White-Label-Reiter mit hervorgehobenem Schalter für Vererbungs-Details
Gehört dein Event zu einer Partner-Marke, kommen viele Werte von dort. Vererbungs-Details anzeigen blendet zu jeder Einstellung ein, woher sie stammt — aus der Partner-Marke oder aus diesem Event. So siehst du, was du hier überhaupt selbst ändern kannst.
  • Dein Event ist eigenständig: Alles auf dieser Seite gehört dir. Du setzt Subdomain oder Domain, Ladebildschirm, Tab-Symbol und Rechtstexte selbst.
  • Dein Event wird von einem Partner verwaltet: Viele Werte werden von der Marke geerbt. Der Partner kann einzelne Bereiche sperren — gesperrte Blöcke werden schlicht ausgeblendet. Was du dann noch änderst, gilt als überschrieben (sichtbar über Vererbungs-Details anzeigen).
  • Du bist selbst Partner und richtest eine Marke, deren Domain oder deren Standard-Design ein: Dafür ist der Partner-Bereich zuständig → Reseller-Grundlagen.
  • Der White-Label-Tab existiert nur bei den Paket-Features „eigene Domain“ oder „White-Label“.
  • Der Branding-Bereich erscheint nur mit White-Label.
  • Der URL-Bereich ist bei eigenständigen Events immer sichtbar; bei partner-verwalteten Events nur, wenn dein Partner die Domain-Einstellungen freigegeben hat.
  • Powered-by-Schalter, Ladebildschirm und Tab-Symbol können vom Partner gesperrt sein — dann sind sie ausgeblendet. Ladebildschirm und Tab-Symbol hängen an derselben Freigabe und verschwinden gemeinsam.
  • Die Rechtstexte erscheinen bei partner-verwalteten Events nur mit entsprechender Freigabe.
  • Entfernen von Domain, Subdomain oder E-Mail-Domain gibt es nur bei event-eigenen Ressourcen, nicht bei partner-verwalteten.
  • Praktisch arbeitet hier der Owner; Moderatoren haben in der Regel keinen Zugriff auf die Einstellungen.
  • Ich finde den Ladetext nicht. Er liegt nicht im Stil-Tab, sondern im White-Label-Tab im Block Ladebildschirm unter der Überschrift Lade-Text. Über das Suchfeld Hier auf dieser Seite springen… findest du ihn als Ladebildschirm (Logo & Text).
  • Das Freitextfeld fehlt. Es erscheint erst, wenn du Eigener Text ausgewählt hast.

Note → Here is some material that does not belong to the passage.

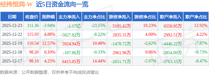 12月23日的资金流向数据方面,主力资金净流出1.17亿元,占总成交额23.15%,游资资金净流入5185.42万元,占总成交额10.23%,散户资金净流入6550.05万元,占总成交额12.92%。

  • DNS braucht Zeit. Die Verbreitung dauert oft ein paar Minuten, gelegentlich länger. Prüfe ruhig mehrfach — der Assistent versucht es auch selbst erneut.
  • CNAME oder A — nicht beides. Subdomain (galerie.deine-domain.de) → CNAME auf das angezeigte Ziel. Root/Apex (deine-domain.de) → A-Eintrag auf die angezeigte Server-IP.
  • Der A-Eintrag zeigt keinen Wert. Er erscheint erst nach dem Speichern der Domain.
  • SSL läuft automatisch — kein manuelles Zertifikat, keine Extra-Einträge.
  • E-Mail-DNS ist getrennt. MX + SPF + DKIM; der DKIM-Schlüssel ist pro Domain individuell. Die E-Mail-Prüfung blockiert die Galerie-Domain nicht.
  • Entfernen leitet 30 Tage um. Nach dem Entfernen von Domain oder Subdomain leiten alte Links 30 Tage auf die Standardadresse um, danach funktionieren sie nicht mehr. Du kannst jederzeit neu einrichten.
  • Prioritätsregel beachten. Eine aktive eigene Domain überschreibt die Subdomain als Hauptadresse.
  • Tab-Symbol und Lade-Logo werden erst mit „Änderungen speichern“ wirksam, nicht sofort.
  • Für die meisten Gastgeber reicht die kostenlose Subdomain — kein DNS, SSL automatisch.
  • Eine eigene Domain lohnt sich vor allem für Fotostudios und Marken mit bestehender Domain.
  • Wähle nach Möglichkeit eine Subdomain statt Root (galerie.deine-domain.de) — das ist ein einfacher CNAME statt eines A-Eintrags.
  • Konfiguriere die E-Mail-Absender-Domain mit, damit Event-Mails mit sauberem SPF und DKIM nicht im Spam landen.
  • Für vollständiges White-Label: Powered-by ausblenden, eigenes Lade-Logo setzen, den Lade-Text bewusst wählen und ein quadratisches Tab-Symbol mit hohem Kontrast hinterlegen.
  • Richte DNS früh ein (vor dem Event), damit Verbreitung und SSL rechtzeitig fertig sind.